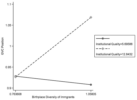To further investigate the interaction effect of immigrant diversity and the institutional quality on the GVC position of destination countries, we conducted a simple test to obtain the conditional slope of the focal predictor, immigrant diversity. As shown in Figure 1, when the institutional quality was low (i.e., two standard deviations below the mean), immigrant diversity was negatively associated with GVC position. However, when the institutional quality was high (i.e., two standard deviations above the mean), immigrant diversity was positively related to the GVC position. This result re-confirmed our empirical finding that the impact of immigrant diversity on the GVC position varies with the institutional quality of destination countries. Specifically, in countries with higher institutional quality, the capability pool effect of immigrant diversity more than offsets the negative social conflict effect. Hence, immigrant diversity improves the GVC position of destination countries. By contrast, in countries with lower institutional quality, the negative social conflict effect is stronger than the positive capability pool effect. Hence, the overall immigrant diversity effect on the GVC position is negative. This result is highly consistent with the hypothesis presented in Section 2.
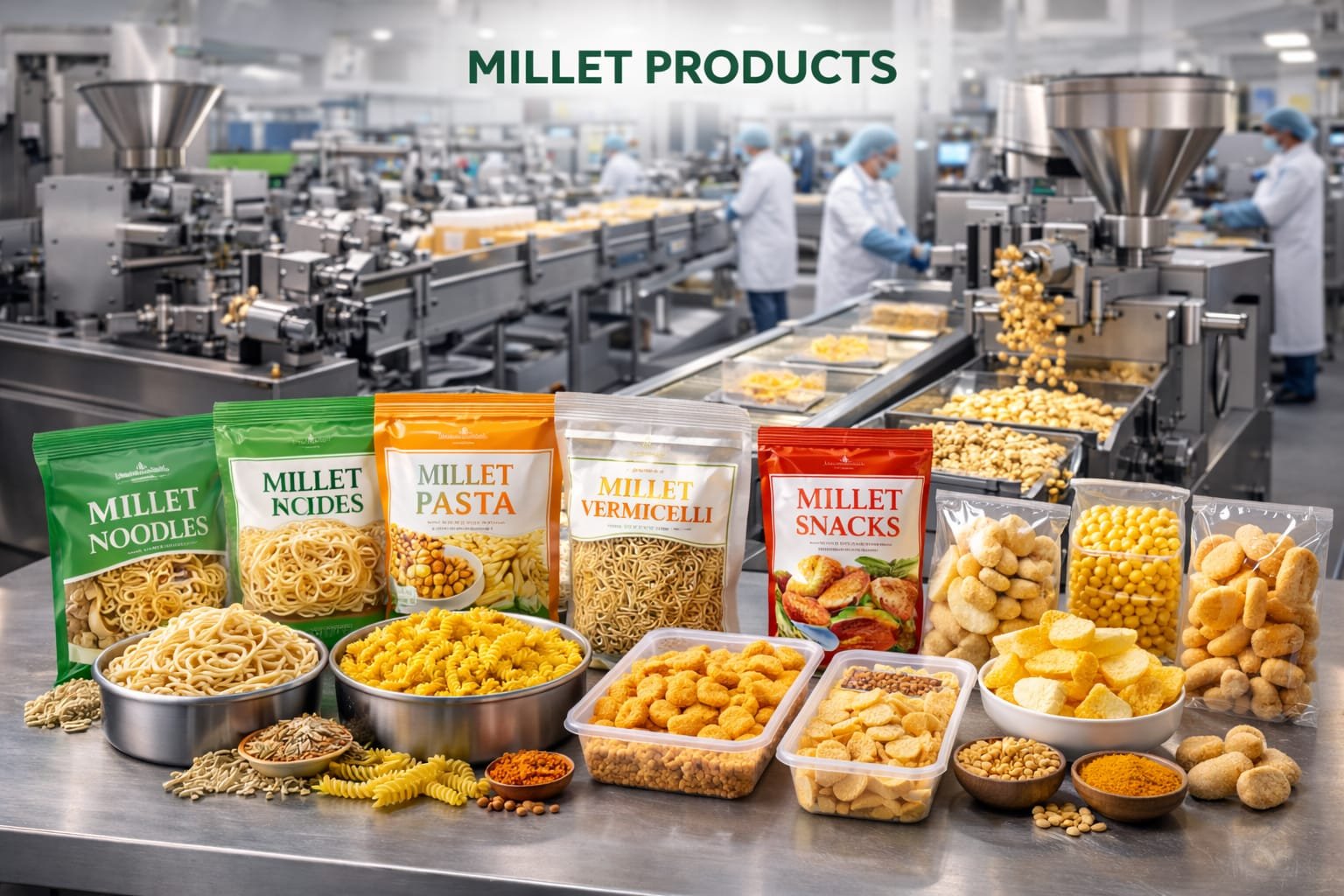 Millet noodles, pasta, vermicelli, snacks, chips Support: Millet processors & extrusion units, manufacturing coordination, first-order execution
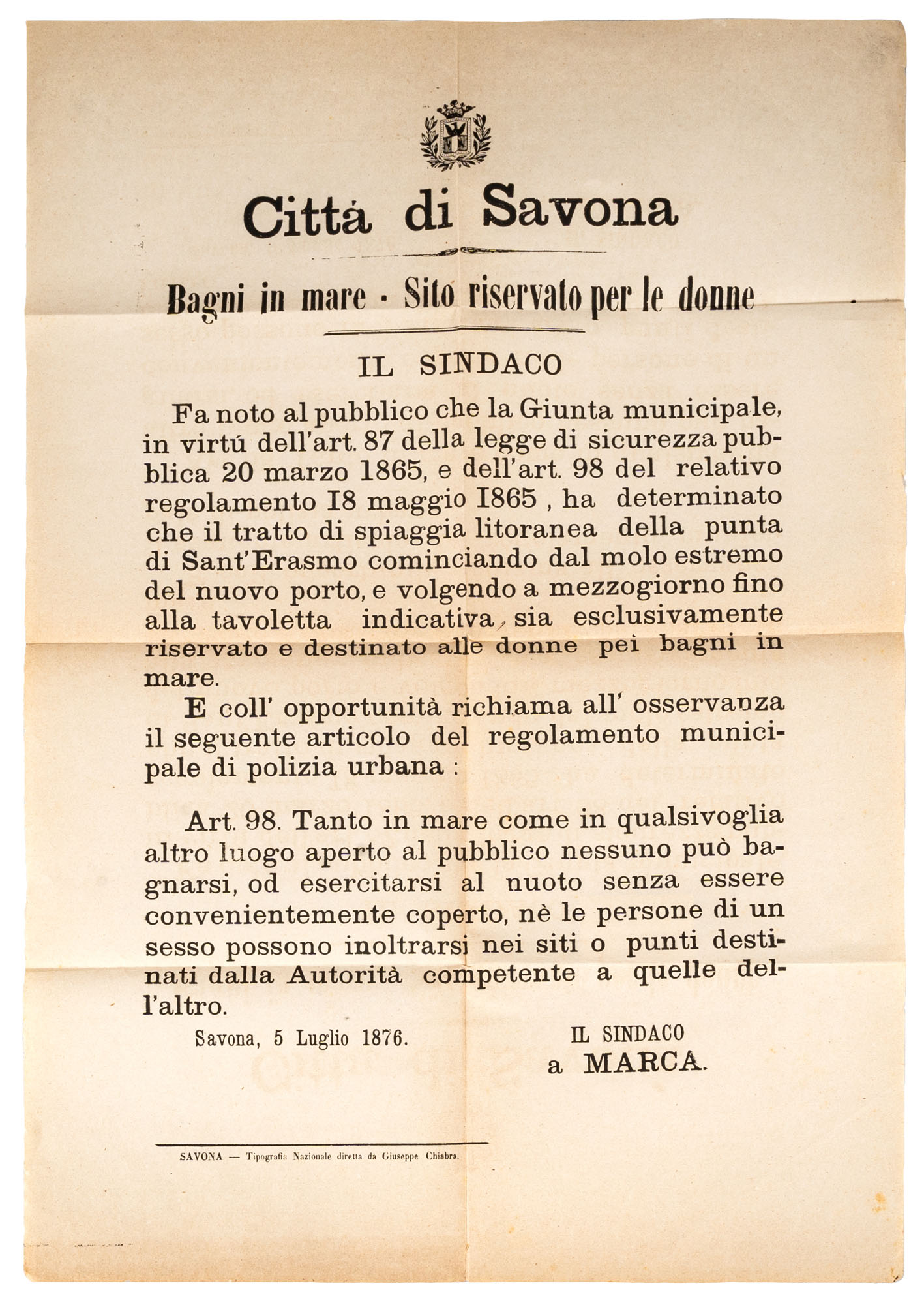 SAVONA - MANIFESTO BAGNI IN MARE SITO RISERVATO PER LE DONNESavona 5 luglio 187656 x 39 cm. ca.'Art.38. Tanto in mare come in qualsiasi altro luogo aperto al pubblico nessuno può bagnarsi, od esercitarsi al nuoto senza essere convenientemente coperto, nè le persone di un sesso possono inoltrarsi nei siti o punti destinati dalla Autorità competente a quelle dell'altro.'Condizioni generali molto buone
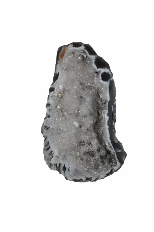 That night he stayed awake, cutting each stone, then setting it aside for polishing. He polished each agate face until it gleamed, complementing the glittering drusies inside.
□ □ □ □ □ □ □
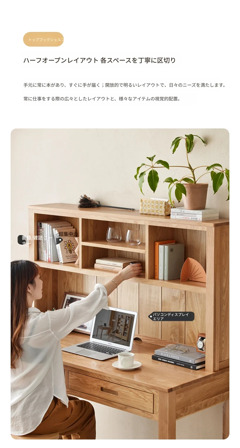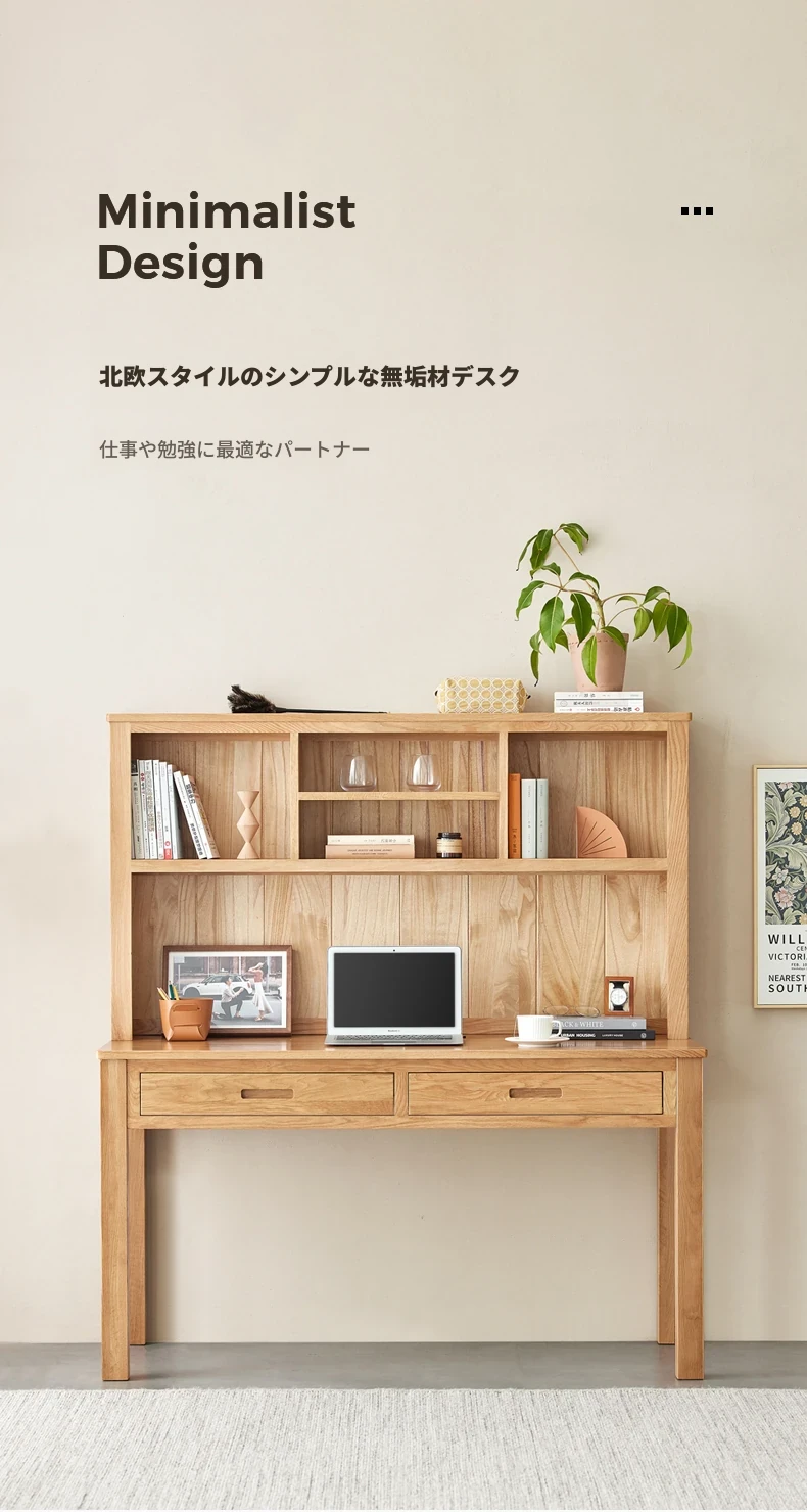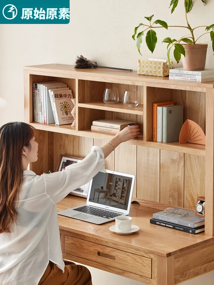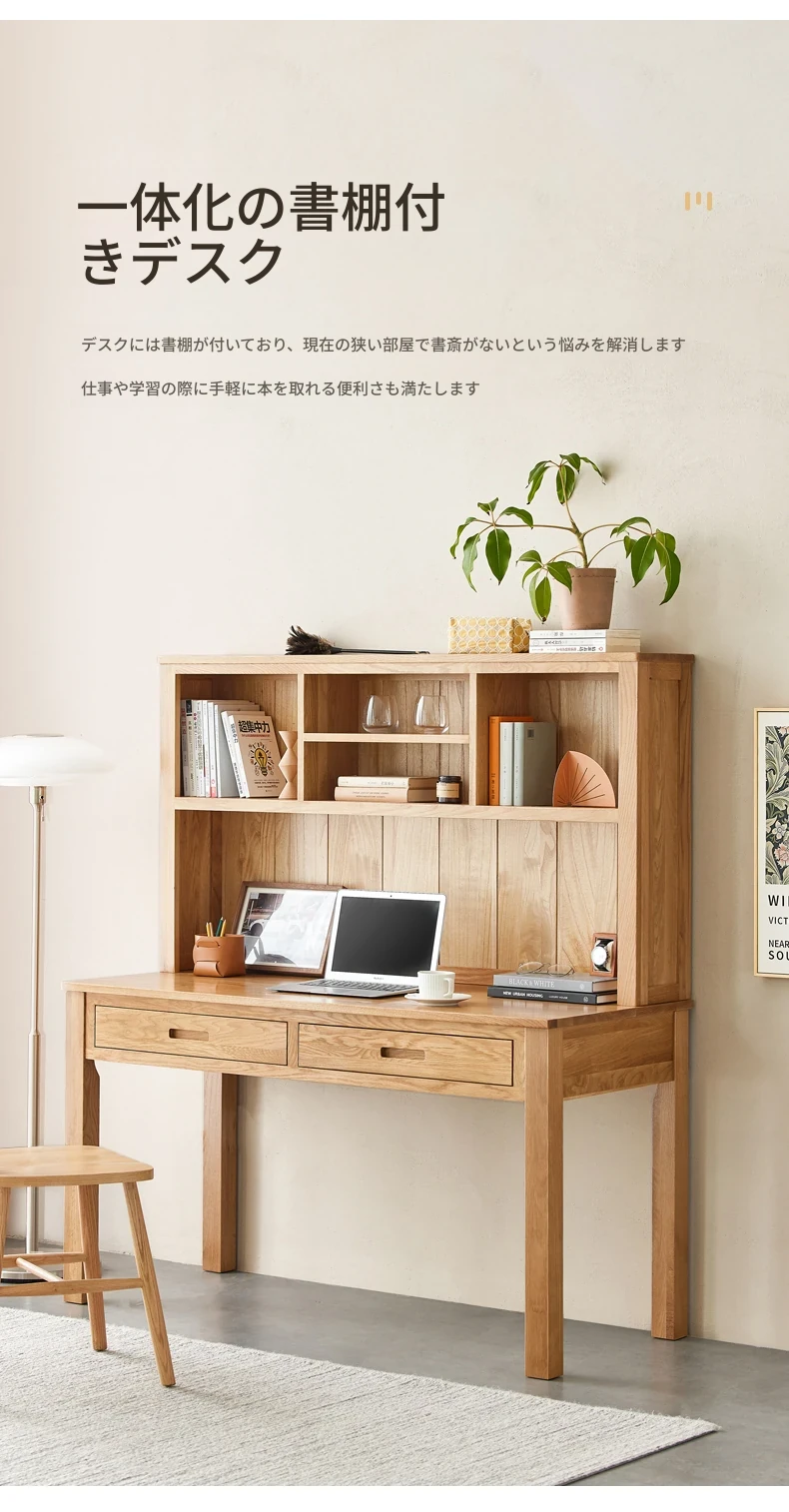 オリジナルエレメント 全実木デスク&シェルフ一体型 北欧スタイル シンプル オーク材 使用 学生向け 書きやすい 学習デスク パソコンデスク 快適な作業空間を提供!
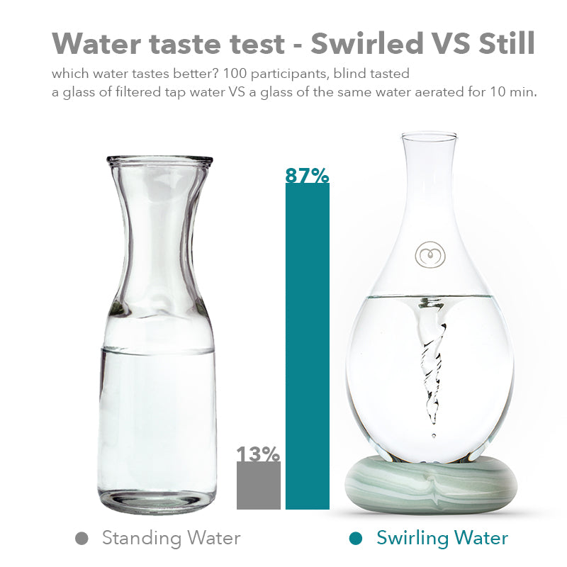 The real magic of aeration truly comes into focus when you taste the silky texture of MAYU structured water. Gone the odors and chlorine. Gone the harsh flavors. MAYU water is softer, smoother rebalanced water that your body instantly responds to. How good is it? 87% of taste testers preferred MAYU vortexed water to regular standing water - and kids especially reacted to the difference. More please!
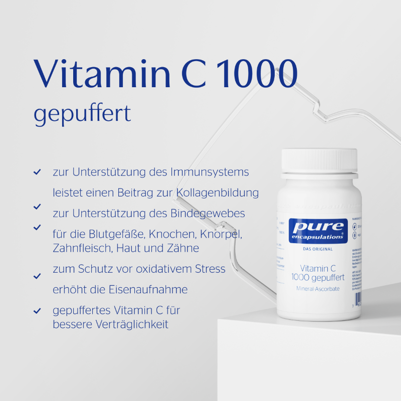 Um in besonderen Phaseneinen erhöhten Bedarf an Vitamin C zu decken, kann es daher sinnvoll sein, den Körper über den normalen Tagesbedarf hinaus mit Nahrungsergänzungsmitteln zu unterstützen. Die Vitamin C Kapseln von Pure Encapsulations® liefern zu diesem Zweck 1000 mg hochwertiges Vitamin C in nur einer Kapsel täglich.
□ □ □ □ □ □ □
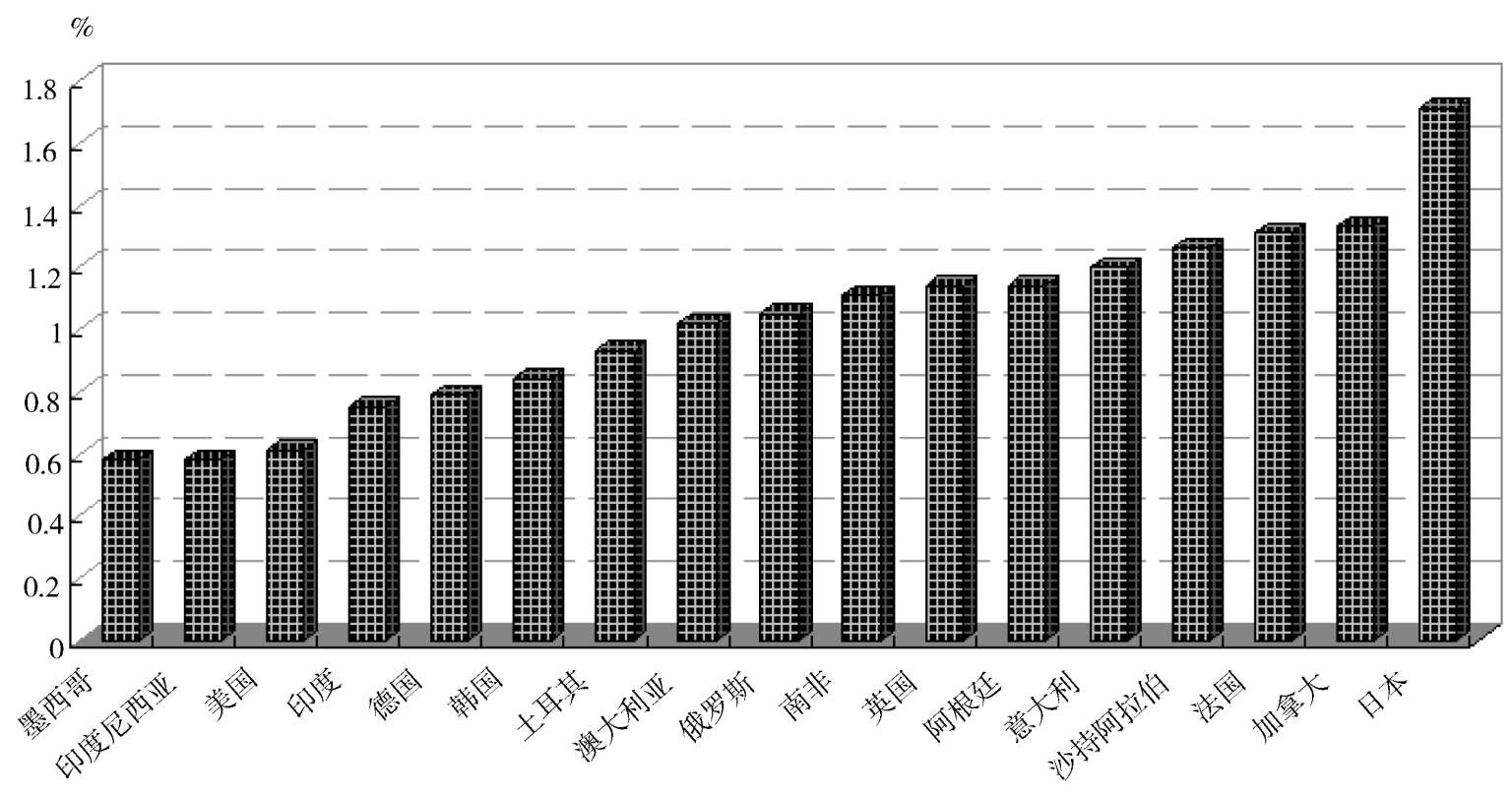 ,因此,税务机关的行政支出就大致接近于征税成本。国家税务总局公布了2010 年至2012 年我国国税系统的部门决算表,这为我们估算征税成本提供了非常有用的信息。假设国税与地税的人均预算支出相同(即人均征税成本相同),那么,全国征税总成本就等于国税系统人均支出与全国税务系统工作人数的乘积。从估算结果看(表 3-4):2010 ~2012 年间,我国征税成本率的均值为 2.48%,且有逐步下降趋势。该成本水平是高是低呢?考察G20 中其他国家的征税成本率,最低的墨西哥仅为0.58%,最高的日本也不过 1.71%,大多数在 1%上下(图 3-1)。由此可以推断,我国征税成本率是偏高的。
□ □ □ □ □ □ □
TASK ITEM =>
Above are some records; extract exactly the lines from the one containing "Millet noodles, pasta, vermicelli, snacks, chips" through the one containing "That night he" and drop the pictures.

TASK SOLUTION =>
 Millet noodles, pasta, vermicelli, snacks, chips Support: Millet processors & extrusion units, manufacturing coordination, first-order execution
 SAVONA - MANIFESTO BAGNI IN MARE SITO RISERVATO PER LE DONNESavona 5 luglio 187656 x 39 cm. ca.'Art.38. Tanto in mare come in qualsiasi altro luogo aperto al pubblico nessuno può bagnarsi, od esercitarsi al nuoto senza essere convenientemente coperto, nè le persone di un sesso possono inoltrarsi nei siti o punti destinati dalla Autorità competente a quelle dell'altro.'Condizioni generali molto buone
 That night he stayed awake, cutting each stone, then setting it aside for polishing. He polished each agate face until it gleamed, complementing the glittering drusies inside.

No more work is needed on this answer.